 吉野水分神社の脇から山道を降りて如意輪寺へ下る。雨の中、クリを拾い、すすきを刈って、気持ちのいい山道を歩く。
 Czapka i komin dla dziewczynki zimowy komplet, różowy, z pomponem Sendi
---
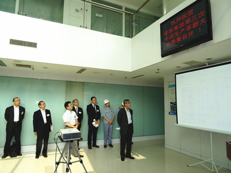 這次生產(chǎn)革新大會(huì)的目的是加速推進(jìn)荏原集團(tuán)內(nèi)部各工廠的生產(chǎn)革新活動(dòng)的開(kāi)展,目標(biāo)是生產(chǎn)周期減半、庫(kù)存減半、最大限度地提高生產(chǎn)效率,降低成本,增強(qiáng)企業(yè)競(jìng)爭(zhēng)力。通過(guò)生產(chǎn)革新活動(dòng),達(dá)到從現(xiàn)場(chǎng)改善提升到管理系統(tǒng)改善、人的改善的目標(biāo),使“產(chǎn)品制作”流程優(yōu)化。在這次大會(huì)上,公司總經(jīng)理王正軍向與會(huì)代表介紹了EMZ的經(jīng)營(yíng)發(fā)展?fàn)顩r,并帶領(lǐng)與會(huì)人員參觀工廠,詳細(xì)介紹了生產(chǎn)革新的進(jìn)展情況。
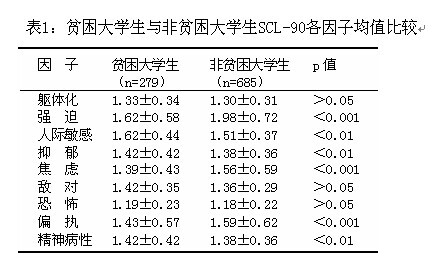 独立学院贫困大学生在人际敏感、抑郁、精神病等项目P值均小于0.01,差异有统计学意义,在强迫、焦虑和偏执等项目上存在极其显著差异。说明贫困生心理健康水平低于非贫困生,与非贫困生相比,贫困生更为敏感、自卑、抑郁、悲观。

# WORK ORDER
Look above for the line holding "吉野水分神社の脇から山道を降", then set down exactly that line and every line after it up to and including the line holding "Czapka i komin", with nothing else.

# COMPLETED EXERCISE
 吉野水分神社の脇から山道を降りて如意輪寺へ下る。雨の中、クリを拾い、すすきを刈って、気持ちのいい山道を歩く。
 Czapka i komin dla dziewczynki zimowy komplet, różowy, z pomponem Sendi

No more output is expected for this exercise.